Let the answer be the lines from the one with "当作品、なんと、エッセイで週" to the end of the entries, copied exactly with both boundary lines kept.

• Records for the exercise
####################

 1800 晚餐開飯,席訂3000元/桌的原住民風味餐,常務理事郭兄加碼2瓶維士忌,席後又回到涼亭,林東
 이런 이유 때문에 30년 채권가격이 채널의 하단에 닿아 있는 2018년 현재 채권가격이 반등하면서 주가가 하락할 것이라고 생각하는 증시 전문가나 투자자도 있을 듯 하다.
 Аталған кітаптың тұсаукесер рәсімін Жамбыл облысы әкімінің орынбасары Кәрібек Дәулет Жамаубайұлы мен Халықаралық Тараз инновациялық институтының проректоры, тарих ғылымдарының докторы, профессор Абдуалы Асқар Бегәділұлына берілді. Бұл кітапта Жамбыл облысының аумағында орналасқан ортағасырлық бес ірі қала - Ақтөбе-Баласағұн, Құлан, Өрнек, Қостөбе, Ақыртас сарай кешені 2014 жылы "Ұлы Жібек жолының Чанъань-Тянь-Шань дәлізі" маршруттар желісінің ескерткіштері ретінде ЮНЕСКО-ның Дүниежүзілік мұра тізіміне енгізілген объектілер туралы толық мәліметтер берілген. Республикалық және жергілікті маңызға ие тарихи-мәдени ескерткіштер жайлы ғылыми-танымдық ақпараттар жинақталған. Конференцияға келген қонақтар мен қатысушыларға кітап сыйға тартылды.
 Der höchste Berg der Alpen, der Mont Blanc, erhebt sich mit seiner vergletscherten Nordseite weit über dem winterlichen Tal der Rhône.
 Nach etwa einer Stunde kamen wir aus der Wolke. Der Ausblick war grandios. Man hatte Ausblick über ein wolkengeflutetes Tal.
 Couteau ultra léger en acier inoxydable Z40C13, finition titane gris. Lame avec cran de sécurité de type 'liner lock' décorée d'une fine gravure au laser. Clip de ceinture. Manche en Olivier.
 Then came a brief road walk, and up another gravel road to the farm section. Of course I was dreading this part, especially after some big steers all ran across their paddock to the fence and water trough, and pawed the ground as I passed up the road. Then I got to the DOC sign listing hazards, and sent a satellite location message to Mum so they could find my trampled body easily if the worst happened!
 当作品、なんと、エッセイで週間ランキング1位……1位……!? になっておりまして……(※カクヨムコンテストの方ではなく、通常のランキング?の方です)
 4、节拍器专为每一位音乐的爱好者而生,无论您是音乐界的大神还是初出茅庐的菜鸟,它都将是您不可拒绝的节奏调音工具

####################

• Answer for this exercise
 当作品、なんと、エッセイで週間ランキング1位……1位……!? になっておりまして……(※カクヨムコンテストの方ではなく、通常のランキング?の方です)
 4、节拍器专为每一位音乐的爱好者而生,无论您是音乐界的大神还是初出茅庐的菜鸟,它都将是您不可拒绝的节奏调音工具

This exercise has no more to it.